Recently in an interview with Linda Bladholm, I said, It all begins with family and stories around the table—food is love, communion, spirituality, poetry, and our histories are the way we break bread with our ancestors.  That's why food is in my poetry and ficiton ... and yes, non-ficiton too!  

I love writing and reading they pump my blood to lub-dub it through my heart as I learn about life.  I wrote poems growing up in Brooklyn, began my first novel when I was sixteen in Garden City.  But with nothing earth-shattering to say, decided to live life instead and write about it later in novels. 

I come to writing by the circuitous route of teaching middle school P. E., in which I hold a Master's.  Three years after I married, I left teaching.  My husband and I moved to Rome, Italy, lived there twenty years.  I learned Italian, Spanish, and that people don't pay your bills, but that castle-museum-cathedral-hopping and travel pay off for a writer. 

My poems were published often in The Rome Daily American.  I began another novel, but stopped writing because I didn t know enough about craft.  That novel will become the third in a trilogy.  The first two, The Secret Language of Women, set during China's Boxer Rebellion, and Lemon Blossoms, set in Sicily, are finished.  

We moved to Florida from Europe in 1990.  I ve been taking writing courses since 1991 and didn't stop till I'd earned a B.A. in English and an M.F.A. in Creative Writing from Florida International University.  I acquired skill and technique about the craft of fiction from my mentor John Dufresne and from Lynne Barrett, and I studied poetry with Campbell McGrath.  My thesis was a collection of short stories, and I've just completed a collection of poems published by Rock Press. 

After graduation I wrote two more novels, one set in the old west, the other in Russia.  I write, revise or read poetry daily mine or anyone's before I write fiction, a habit learned from John Dufresne. 

Hope you enjoy your perusal of this website for excerpts from my novels, and a peek into my collection of poems, Cooking Lessons.  Read about the faith I have in my writing group: Screw Iowa! and about the collaborative book we're writing.

*

More about Nina

For me, stories are an innate part of me. Sicilians are natural born story-tellers and in our history, cantastorie used to travel from town to town and as people gathered in the streets and piazze to listen,these story-singers would bring news in narratives of love, lust, laughter, tears and tragedy.  

My mother told me stories and read me stories not just fairy tales or children's tales she gave me the rhythms and cadence of poetry from The Song of Hiawatha, stoking the flames of a vivid imagination with tales from The Arabian Nights.  My mother and Scheherazade kept me entertained for one thousand and one nights and more.  While my father gave me his youth, recounted and remembered, with the flavors and scents of his world and childhood in Sicily. 

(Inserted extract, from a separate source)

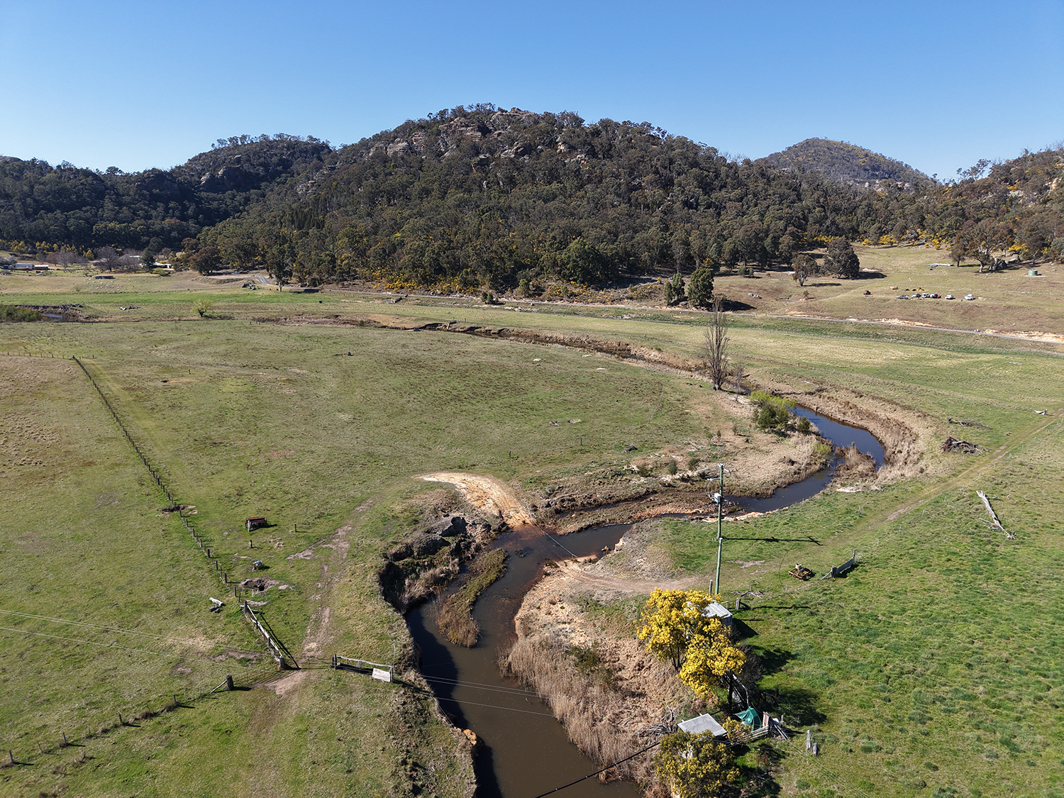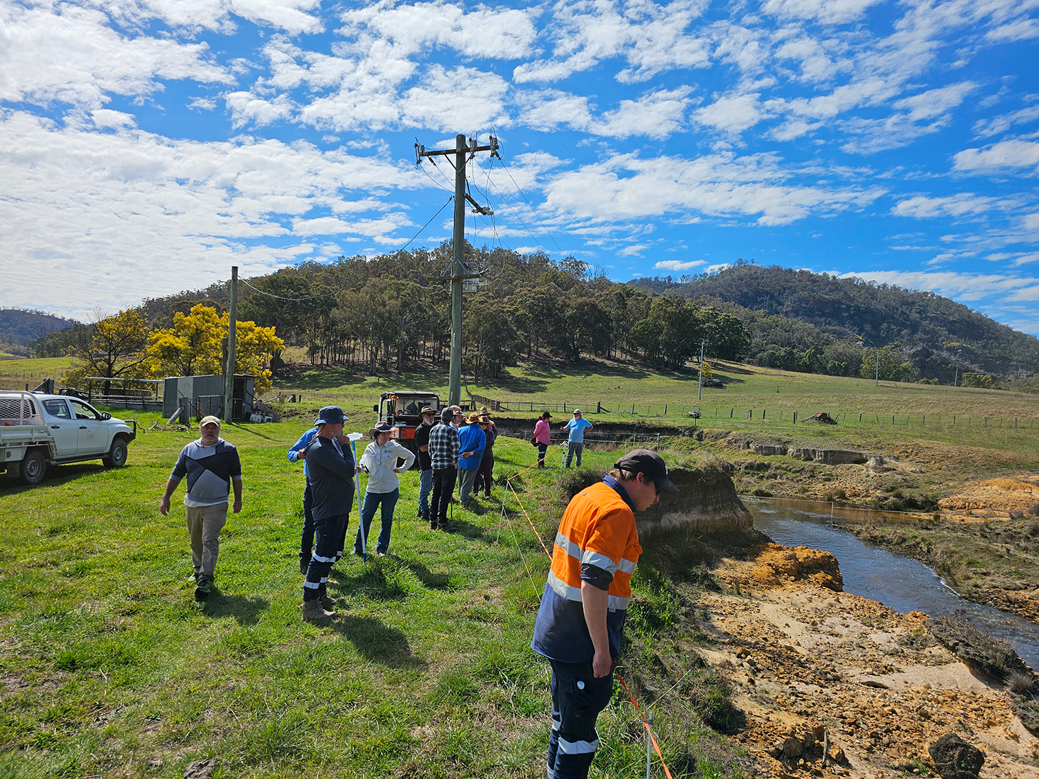 The next day we spent time with the Cudgegong on the regenerative agricultural property Franks’ Breakaway. This property hosted a Mulloon education event with Kandos High School back in 2022, just after the river was badly impacted by the 2022 floods, which were especially erosive due to landscape’s vulnerability following the ‘tinderbox drought’ of 2017-2019 and the ferocious 2019 bushfires. We explored habitat conditions, water quality indicators, and witnessed how the river was gradually regenerating: wattles, cumbungi, riffles and grasses taking over the banks that had been battered by the landowners to be less sheer.

Our family exchanged stories around the kitchen table.  Whether it was my maternal family in Brooklyn where I grew up or later hearing stories from my aunts in Sicily when I moved to Italy and lived in Rome for a twenty year sojourn.  

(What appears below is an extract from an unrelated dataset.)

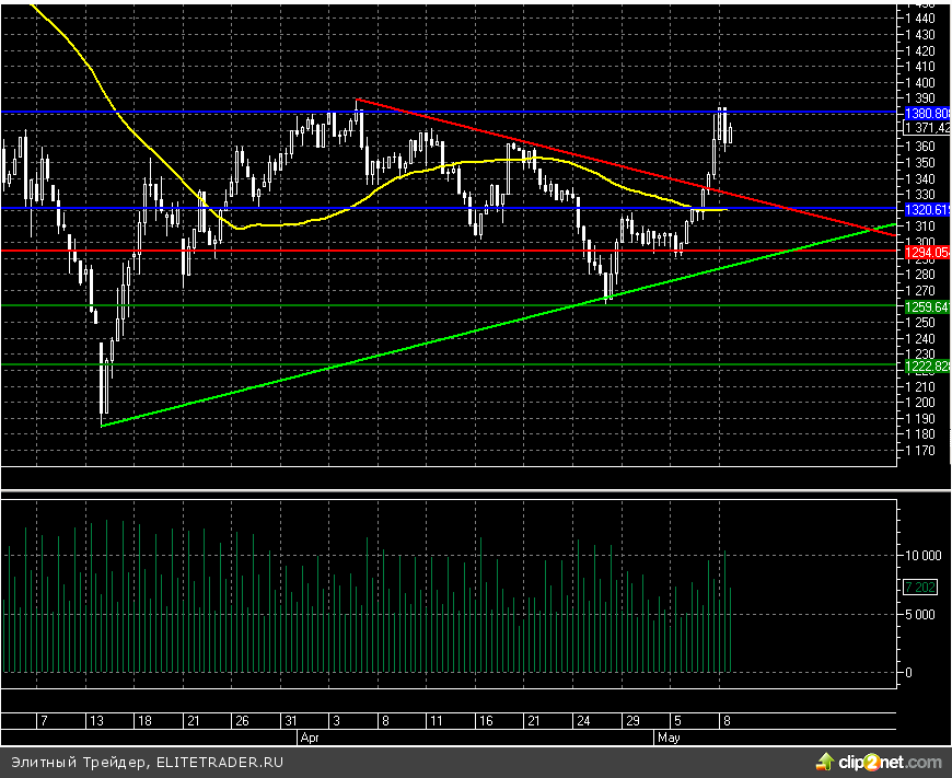 Российский рынок завершил предпраздничную торговую сессию ростом. Индекс ММВБ прибавил 0,58% и закрылся рядом с отметкой 1380, где находится серьезное сопротивление. Пробой данного уровня может ускорить текущую позитивную тенденцию.

Many of my short stories have roots in those old tales told to me as a child, or inventions I told my son and nephews.  My stories, poems, and novels are about cooking and food, and how food is communion of both body and soul and how it sustains a family, and loved ones.   When I was about eleven years old, a nun asked me what I wanted to do when I grew up, and I said, Travel.   Although I'm sure my answer disappointed her, I told the truth.  I love travel and have been fortunate in that I have traveled a great deal fodder for more stories.  My writing is about families and relationships, about having children, or wanting children, and even about not wanting children.  I love history, geography, exotic places, different eras and epochs, and ages gone by.  All of this is reflected in my settings such as: China, Sicily, the American West, and Russia, not to mention, Rome, Dublin, Corsica, and Patagonia to name a few.

Three of my short stories have turned into novels.  At least two of which contain some details, reminiscences, or kernels of family history, but also other things I love: language and research.

The inspiration for my novel The Secret Language of Women comes from something my Grandfather said when I was a little girl.  And it is loosely, very, very, loosely based on the fact that he was in the Italian Merchant Marine and fought in the Boxer Rebellion in China. A fertile imagination can take this far and wide and so I did.  For years before I even started writing, I carried around with me a book mark with this quote from Anatole France: To imagine is everything, to know is nothing at all.   

There is no sweeter taunt than the provoking words tossed out to a child in play: You wouldn't dare.   Oh yes I would.  I dared then, and I dare now, only now I challenge myself to set black on white.  The only way to fully understand the reasons why I write what I write is to turn the pages of my writings and perhaps through the introspective telling of histories, stories, narrative poems, a universal truth will emerge.  At least that's what this writer strives to attain.